Red Sox keep World Series MVP Lowell with three-year deal

Updated: November 21, 2007, 12:40 AM ET
ESPN.com news services

Mike Lowell and the Boston Red Sox finalized a three-year, $37.5 million deal Tuesday.

Mike Lowell

Lowell

Both sides have been in intense negotiations all Monday. According to ESPN's Peter Gammons, both the Phillies and Dodgers were apparently willing to go to four years, but Lowell wanted to remain in Boston.

"I feel the fans have embraced me, and I feel like I've embraced the fan base of Boston since Day 1," he said.

According to ESPN.com's Buster Olney, the Phillies engaged the free-agent third baseman in a conference call on Sunday night, where the framework of a four-year, $50 million deal was discussed. After Lowell spoke with general manager Pat Gillick, assistant GM Ruben Amaro and manager Charlie Manuel, there was a period of about an hour or so where it looked like Lowell was going to sign with the Phillies.

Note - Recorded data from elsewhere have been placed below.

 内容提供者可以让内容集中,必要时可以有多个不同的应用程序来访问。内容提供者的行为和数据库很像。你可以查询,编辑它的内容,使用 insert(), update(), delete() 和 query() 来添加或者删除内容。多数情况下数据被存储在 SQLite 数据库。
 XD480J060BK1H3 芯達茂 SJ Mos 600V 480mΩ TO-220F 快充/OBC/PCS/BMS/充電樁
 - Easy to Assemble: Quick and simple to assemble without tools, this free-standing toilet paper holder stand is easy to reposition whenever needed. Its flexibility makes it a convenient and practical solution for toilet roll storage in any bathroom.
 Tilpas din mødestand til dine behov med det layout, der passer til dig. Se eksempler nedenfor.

The offer would have been formalized if Lowell had agreed to the deal.

Gillick last week flatly denied any interest in Lowell and had indicated that they were going to spend the Phillies' available money on pitching.

Sam Levinson, one of his agents, joked about the contract length, asking the first question on a telephone conference call and inquiring whether Red Sox general manager Theo Epstein would add a fourth year.

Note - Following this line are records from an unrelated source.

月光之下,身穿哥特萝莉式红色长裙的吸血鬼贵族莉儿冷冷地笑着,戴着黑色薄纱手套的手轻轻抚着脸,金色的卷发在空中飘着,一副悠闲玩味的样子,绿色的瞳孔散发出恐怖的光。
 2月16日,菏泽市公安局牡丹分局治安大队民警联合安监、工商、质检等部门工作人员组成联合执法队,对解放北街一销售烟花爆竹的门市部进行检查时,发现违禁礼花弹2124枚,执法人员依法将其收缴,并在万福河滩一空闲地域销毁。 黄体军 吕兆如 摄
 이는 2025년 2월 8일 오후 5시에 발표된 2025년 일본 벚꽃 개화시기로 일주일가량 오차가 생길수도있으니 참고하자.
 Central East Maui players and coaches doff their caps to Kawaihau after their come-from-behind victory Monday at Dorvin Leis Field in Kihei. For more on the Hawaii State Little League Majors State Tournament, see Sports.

"Well Sam. I've heard you ask that before," Epstein said, chuckling. "We're going to hold off. We're very happy with the contract that we signed Mike to and look forward to a great three years. Appreciate the interest, though."

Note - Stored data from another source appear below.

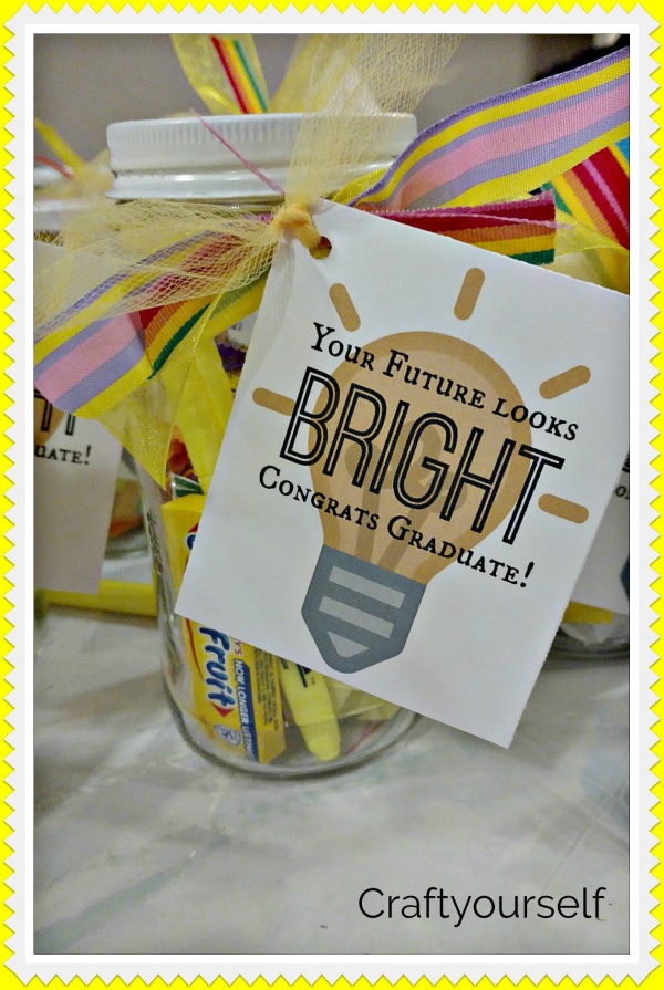 Graduation is right around the corner and I have a daughter graduating! Not only is she graduating but so are several of her friends. Being as busy as I am I needed a quick and easy idea to give to all these graduates! I originally saw this idea on Fun Squared blog and thought it was so creative so we came up with something similar! Here is how to make your own “Your Future Looks Bright” Graduation gift. Items you will need to make your own: Glass jar with a lid – if you are using an old pickle or jam jar make sure the label is scrubbed off and…
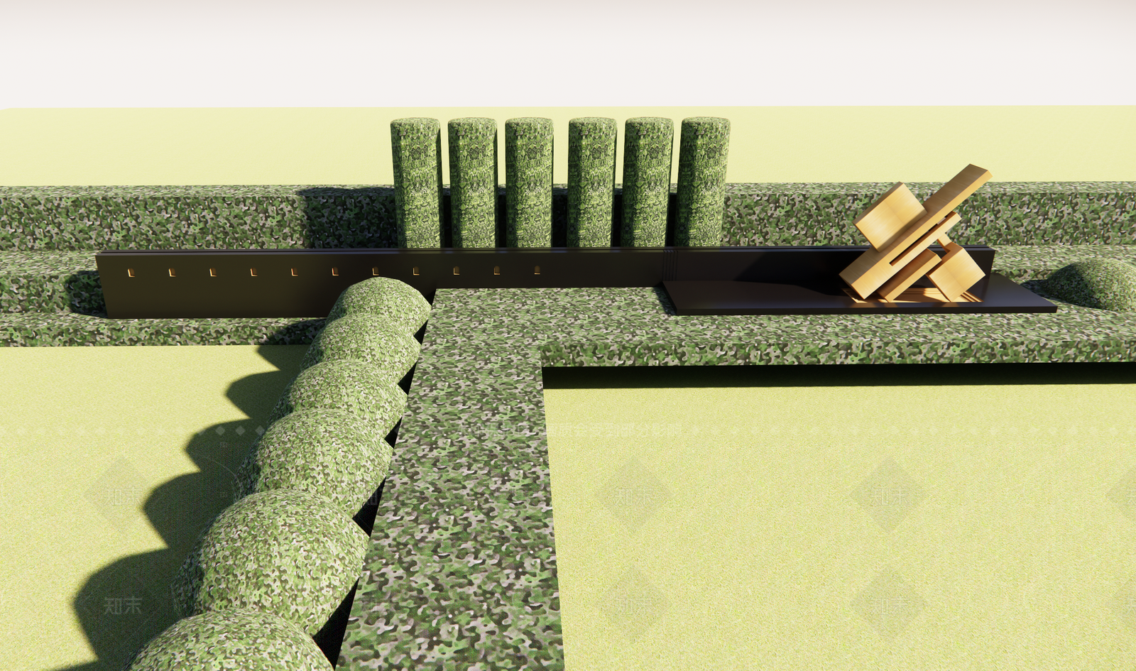 轻奢复古景墙 绿篱造型景墙 金属几何雕塑景墙 现代轻奢对景景墙 小区阳光草坪景墙
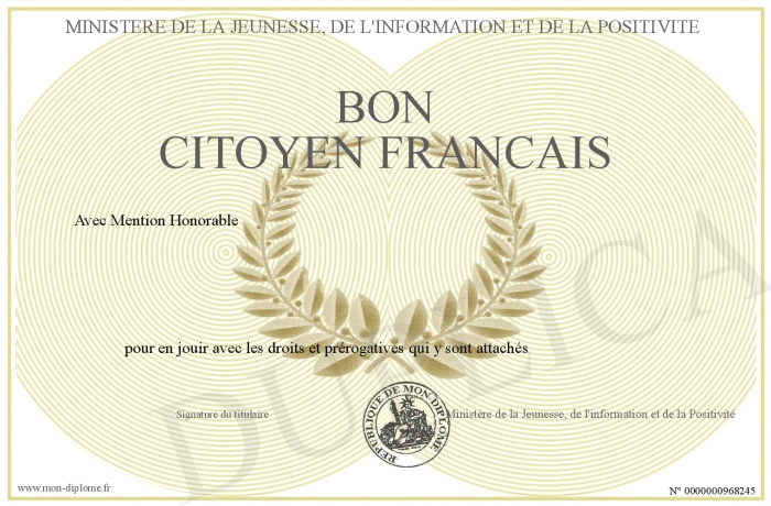 Envoyez par email votre Bon Citoyen francais personalisé

Another possibility was the New York Yankees, who wanted Lowell to switch to first and could've hurt their major rival with the signing.

"This utter hatred for the organization I just don't have because they actually helped me in a big way," said Lowell, who was drafted by the Yankees and came up through their organization.

His interest in New York "was somewhat diminished by the fact of moving to first," he said.

Lowell gets $12 million in each of the next three years and a $1.5 million signing bonus.

"The tough part was searching between four years from other teams and three years with the Red Sox, but I can't say that I'm upset with the situation," Lowell said. "I mean, how can you be upset with the money that I'm going to be making in the next three years and with the team that I believe is going to compete for a world title."

In the three weeks since winning their second championship in four seasons, the Red Sox have re-signed their two biggest free agents, Lowell and pitcher Curt Schilling, and picked up options on Tim Wakefield and Julian Tavarez.

"How cool is that?" Red Sox pitcher Schilling posted on his blog. "Leaving years and dollars on the table to come back here for three more years, good stuff. Pretty nice to think you are fans in a town that is now a desired destination for athletes across the major sports. Come a long way for sure.

"Congrats to Mike and I've already spoken with a few guys on the team and suffice to say we're all" ecstatic, Schilling said.

Lowell followed a superlative regular season -- career highs in batting average (.324) and RBIs (120) to go with 21 home runs in 154 games -- with an outstanding October. In Boston's four-game sweep of Colorado, Lowell hit .400 (6-for-15) with four RBIs, three walks and a team-high six runs in winning the World Series.

He homered, doubled and scored twice in the Game 4 clincher at Denver's Coors Field en route to being named the World Series MVP.

Lowell, who made $9 million last year, was selected by the Yankees in the 20th round of the 1995 amateur draft. He played eight games for New York in the 1998 season before being dealt to the Florida Marlins in February 1999. He was acquired by Boston from Florida in November 2005 in the Josh Beckett trade.

Lowell's teammates and fans made clear that they wanted to see him back in Boston -- and urged them not to pursue Yankees third baseman Alex Rodriguez, who became a free agent before deciding to return to New York.

"Forget about A-Rod. We've got Mike Lowell in the house," Ramirez yelled out during the team's victory parade through Boston.

A four-time All-Star, Lowell was the honorary grand marshal at a Disney World parade last week. In announcing his new contract, the team also said Lowell had been named this year's Thomas A. Yawkey Award recipient, as the team's most valuable player. He becomes just the third Red Sox third baseman to win the award, after Frank Malzone in 1957 and 1959, and Wade Boggs in 1985.

The other remaining Red Sox free agents are backup outfielders Bobby Kielty and Eric Hinske, shortstop Royce Clayton, relievers Eric Gagne and Mike Timlin and backup catcher Doug Mirabelli.

Information from The Associated Press was used in this report.